Уильям рассматривает рисунок. Черты лица молодой женщины почти не прорисованы, лишь заштрихована тень на щеке. Неужели господин Деллер думает, что это сможет послужить ему при окончании портрета?
– Это единственный рисунок здесь, который находится не на своем месте.
– Потому что сделан много раньше?
– Потому что все остальные были сделаны с натуры. Но моя жена так и не увидела нашу дочь. – Уильям чувствует, как по коже пробегает холод. Господин Деллер втягивает его в свои тайны. Он показывает эти последние работы затем, чтобы поймать его в ловушку жалости и смирения. – Это лишь фантазия, в которой она осталась жива.

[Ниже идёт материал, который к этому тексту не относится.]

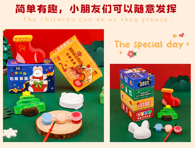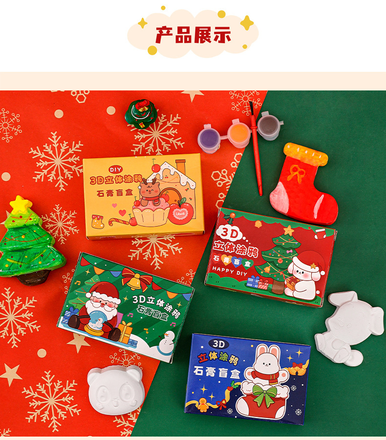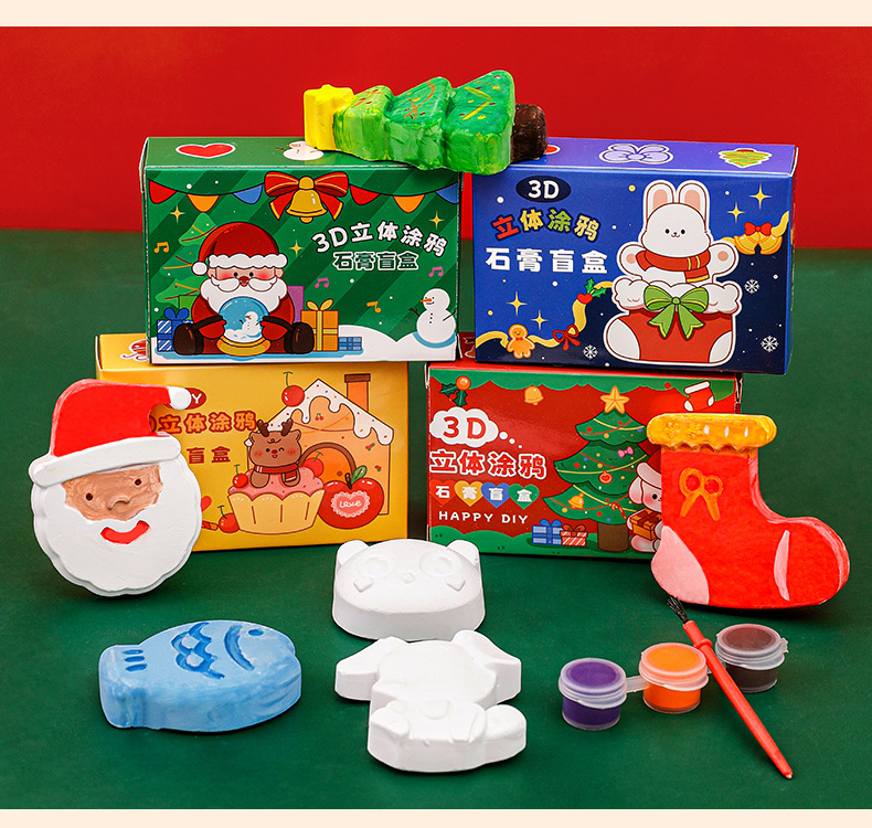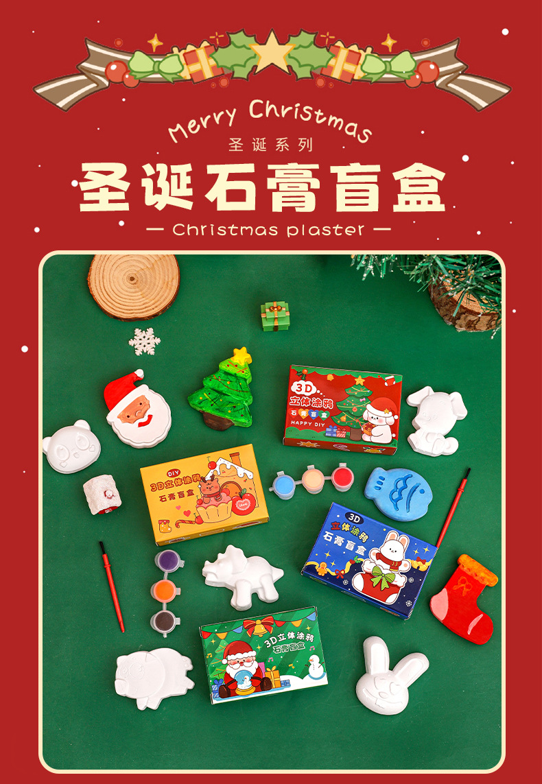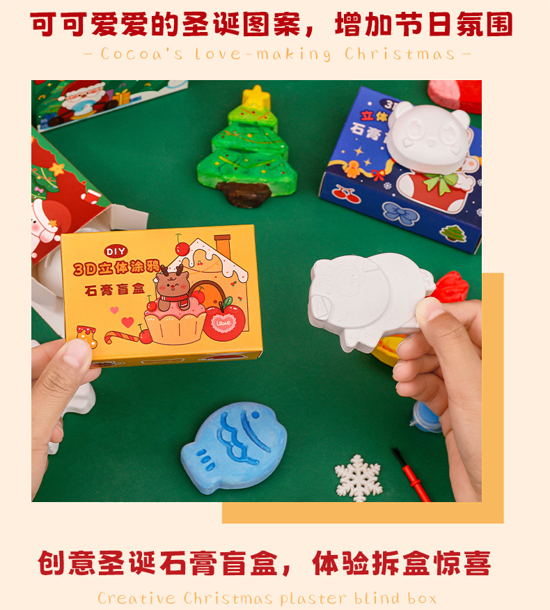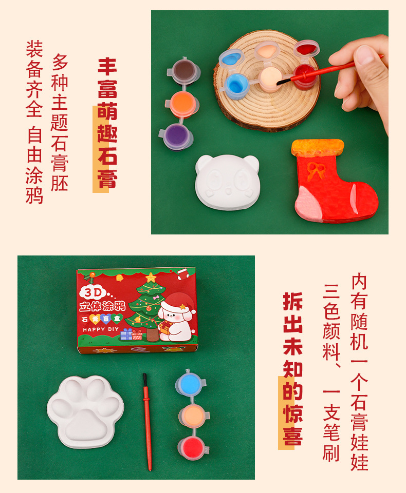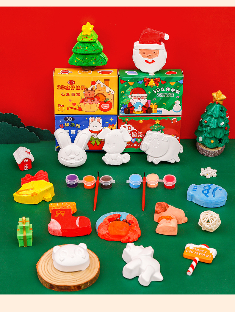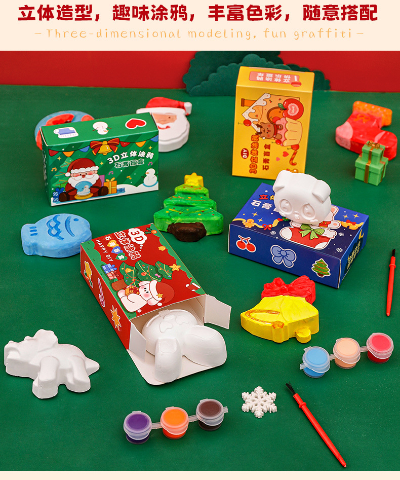 圣诞节石膏娃娃幼儿园儿童diy涂色小礼物学生圣诞节礼品涂鸦石膏

Уильям отрывается от рисунка и видит, что господин Деллер ощупью идет вдоль стены. Возле одной из стенных панелей старик останавливается и со всей силы бьет в стену плечом. Панель со вздохом открывается, и за ней оказывается комнатка-тайник.
– Здесь прятались священники 44
Речь идет о преследовании католических священников в Англии. – Примеч. пер.
[Закрыть], – задыхаясь, говорит господин Деллер. – Я обнаружил этот тайник случайно… оступился однажды, запутавшись в бриджах.
Уильям издает нервный смешок. Да это не тайник, а склеп, полный мягких надгробий: здесь стоят пять картин, закутанных в шерстяные саваны.
– Вот это – самые последние мои работы, – говорит господин Деллер. – Можете забрать их. Возможно, после моей смерти какой-нибудь покровитель искусств в приступе ностальгии даст за них неплохие деньги.
– О, не думаю, что смогу продать их.
– Как бы то ни было, они ваши.
Нащупывая путь перед собой, господин Деллер неуверенными шагами входит в комнатку. Уильям не в силах сдержать порыв внести в комнатку свет, но тут же понимает, что старик «смотрит» кончиками пальцев: он поглаживает угол каждого холста, пересчитывая вколотые там булавки, служащие метками. По количеству пыли Уильям заключает, что Синтия находится в неведении относительно этого тайника или же ей запрещается открывать его. Свет, внесенный в комнатку, кажется ему подобным порыву ветра в запечатанной гробнице.
– Лишь глаз наблюдателя способен вдохнуть жизнь в предмет искусства, господин Страуд. Невидимый, такой предмет сам незряч. Сейчас вы можете исцелить слепоту этих работ.
Господин Деллер выбирает один из холстов и отставляет его в сторону; остальные он разворачивает. Уильям не может оторвать глаз от двух портретов Синтии. На первом она изображена Флорой: белое одеяние, как у весталки, на голове венок из маков и васильков. Но это не традиционное изображение в классическом обрамлении. Синтия стоит, прислонившись к неуместному простому кухонному столу, под левой рукой у нее лежат садовые ножницы. И сама она, похоже, смущена – то ли ролью, то ли обстановкой. На втором портрете Синтия уютно устроилась в кресле у огня, подтянув колени к груди, губы приоткрыты, словно она читает молитву. И снова она кажется ему богиней, оказавшейся среди простой обстановки, живущей при свете свечей. На третьей картине изображен плешивый поденщик, который ест горох из миски. Он жует, и потому на его лице бессмысленное выражение, а глаза (тронутые свинцовыми белилами) пусты – вероятнее всего, он совершенно погружен в думы о своей работе. Ни одна из этих трех картин не изобилует деталями: предметов почти нет, задний план не прописан, весь фон составляет размывка землистого цвета. Краска наложена на холст грубыми густыми мазками и подправлена пальцами, поэтому там, где свободна одежда или распущены волосы, она почти ощутимо передает их фактуру.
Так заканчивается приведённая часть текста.